::: SOURCE MATERIAL

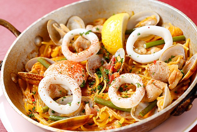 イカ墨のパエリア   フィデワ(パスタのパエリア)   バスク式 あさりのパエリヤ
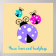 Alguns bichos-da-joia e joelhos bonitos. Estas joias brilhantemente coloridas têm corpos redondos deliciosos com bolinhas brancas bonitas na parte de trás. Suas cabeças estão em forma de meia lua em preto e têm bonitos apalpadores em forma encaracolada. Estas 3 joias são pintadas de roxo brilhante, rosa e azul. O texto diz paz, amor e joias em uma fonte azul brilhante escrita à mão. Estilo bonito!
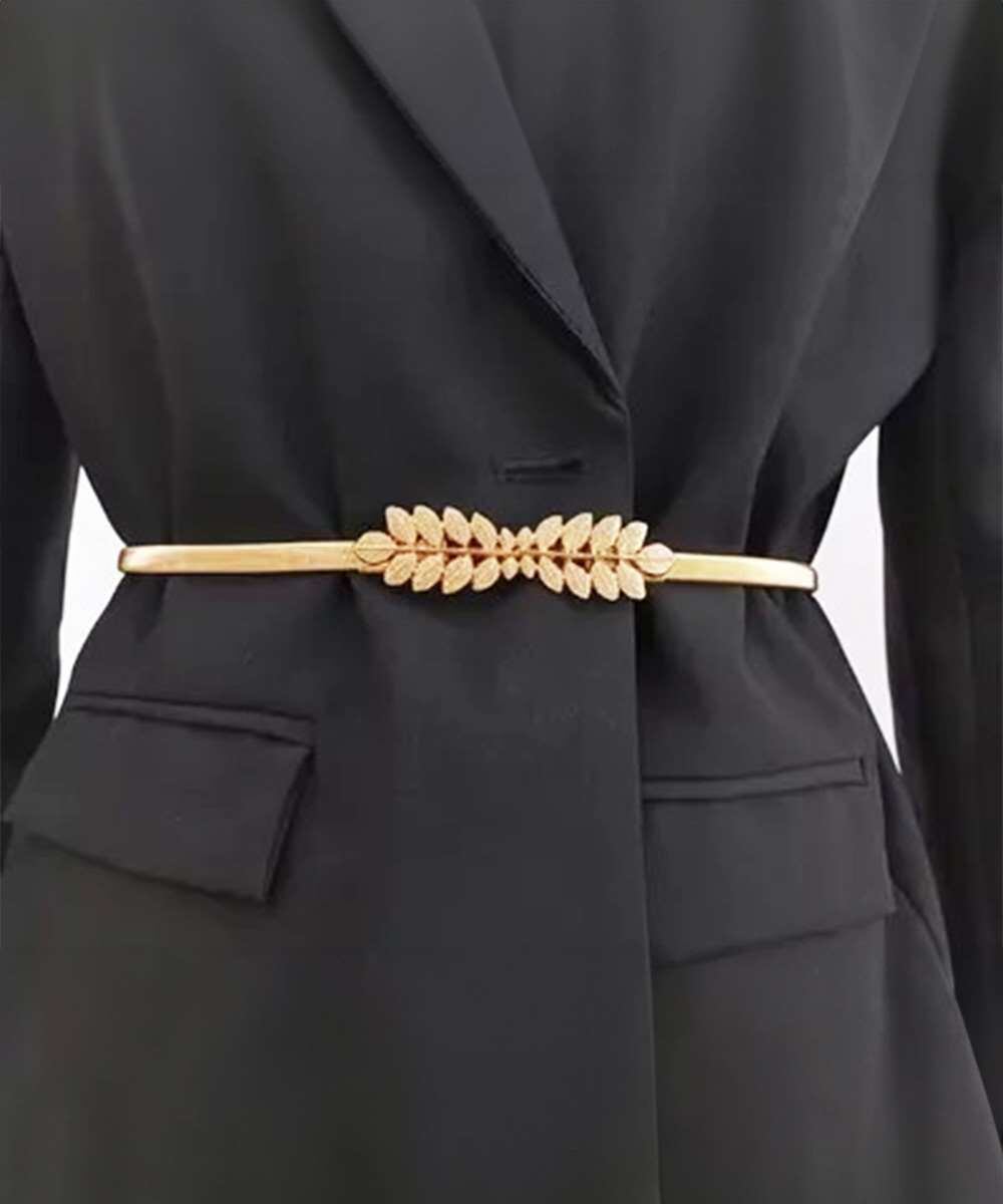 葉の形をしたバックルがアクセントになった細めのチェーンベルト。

::::::

» **ABOUT THIS EXERCISE**: Images stay out, but the rest of the data above must be repeated exactly.

» **SOLVED PROBLEM**:
 イカ墨のパエリア   フィデワ(パスタのパエリア)   バスク式 あさりのパエリヤ
 Alguns bichos-da-joia e joelhos bonitos. Estas joias brilhantemente coloridas têm corpos redondos deliciosos com bolinhas brancas bonitas na parte de trás. Suas cabeças estão em forma de meia lua em preto e têm bonitos apalpadores em forma encaracolada. Estas 3 joias são pintadas de roxo brilhante, rosa e azul. O texto diz paz, amor e joias em uma fonte azul brilhante escrita à mão. Estilo bonito!
 葉の形をしたバックルがアクセントになった細めのチェーンベルト。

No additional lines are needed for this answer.